• Task objective: Repeat the material exactly from its first line to the line that includes "Figure 2. Long-tailed Jaeger in flight.". Skip pictures.
Segment Start: Entries shown
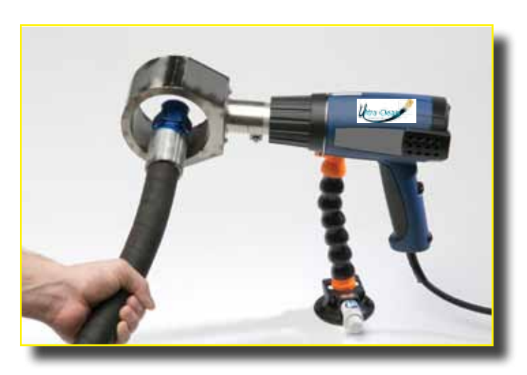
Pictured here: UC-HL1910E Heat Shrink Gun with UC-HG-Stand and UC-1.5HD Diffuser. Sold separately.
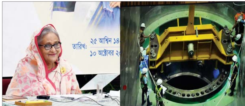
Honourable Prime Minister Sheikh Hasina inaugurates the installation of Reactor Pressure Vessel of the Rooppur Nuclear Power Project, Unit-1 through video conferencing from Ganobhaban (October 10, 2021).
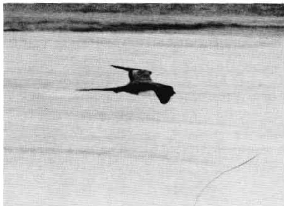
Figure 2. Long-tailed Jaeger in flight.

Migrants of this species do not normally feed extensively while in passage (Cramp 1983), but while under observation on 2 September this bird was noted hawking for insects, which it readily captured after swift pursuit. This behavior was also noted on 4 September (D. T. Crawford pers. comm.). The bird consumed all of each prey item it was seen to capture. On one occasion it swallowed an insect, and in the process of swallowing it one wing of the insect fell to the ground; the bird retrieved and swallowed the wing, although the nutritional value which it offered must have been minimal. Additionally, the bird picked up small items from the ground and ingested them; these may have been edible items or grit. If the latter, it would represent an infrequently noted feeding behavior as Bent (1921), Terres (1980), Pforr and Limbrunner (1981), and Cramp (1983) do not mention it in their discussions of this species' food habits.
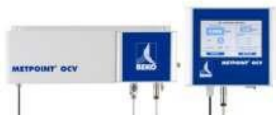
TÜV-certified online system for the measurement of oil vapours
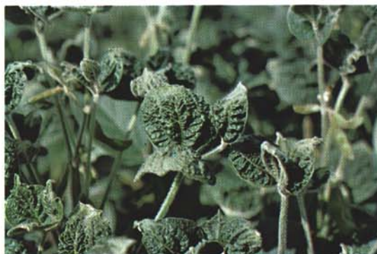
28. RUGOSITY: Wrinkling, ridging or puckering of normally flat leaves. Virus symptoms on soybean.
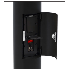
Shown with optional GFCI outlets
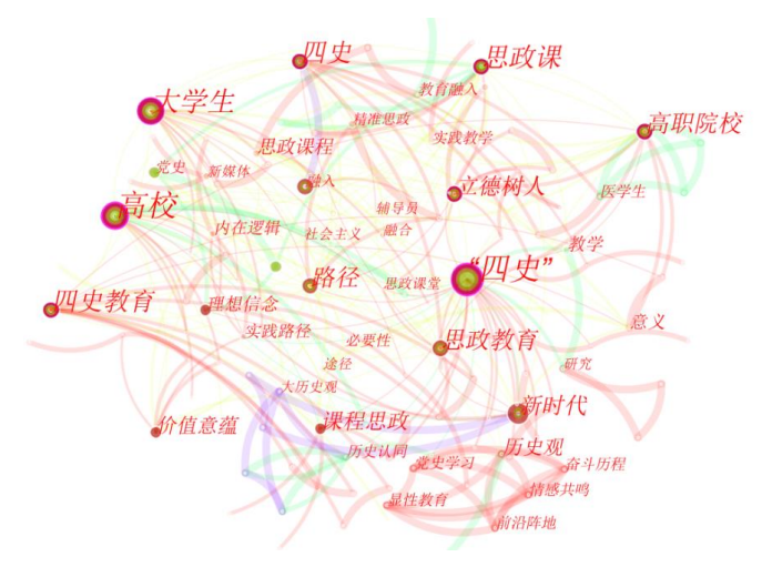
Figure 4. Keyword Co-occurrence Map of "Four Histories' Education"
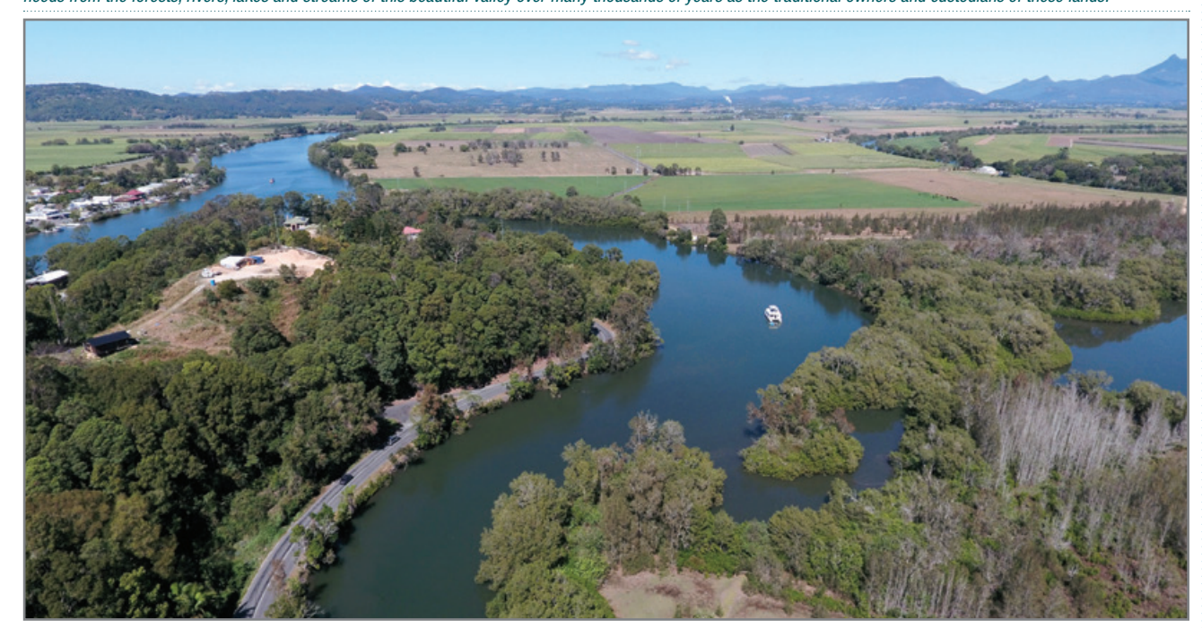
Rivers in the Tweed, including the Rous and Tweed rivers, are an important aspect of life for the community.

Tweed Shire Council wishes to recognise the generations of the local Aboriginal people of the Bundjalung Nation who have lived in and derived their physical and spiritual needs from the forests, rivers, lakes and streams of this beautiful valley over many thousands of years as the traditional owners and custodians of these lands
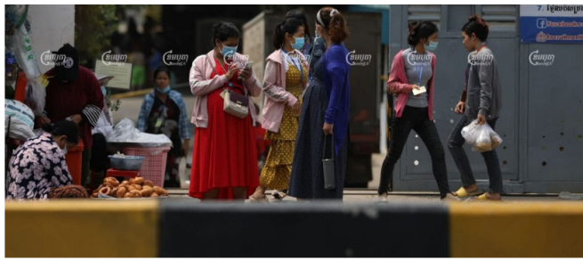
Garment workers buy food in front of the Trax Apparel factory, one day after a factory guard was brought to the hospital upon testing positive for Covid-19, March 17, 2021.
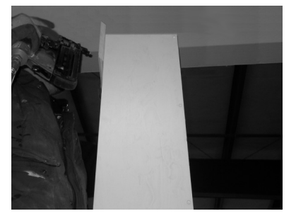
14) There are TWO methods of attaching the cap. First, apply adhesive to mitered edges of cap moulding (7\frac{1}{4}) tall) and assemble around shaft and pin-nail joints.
Segment End: Entries shown
• Expected output:
Pictured here: UC-HL1910E Heat Shrink Gun with UC-HG-Stand and UC-1.5HD Diffuser. Sold separately.
Honourable Prime Minister Sheikh Hasina inaugurates the installation of Reactor Pressure Vessel of the Rooppur Nuclear Power Project, Unit-1 through video conferencing from Ganobhaban (October 10, 2021).
Figure 2. Long-tailed Jaeger in flight.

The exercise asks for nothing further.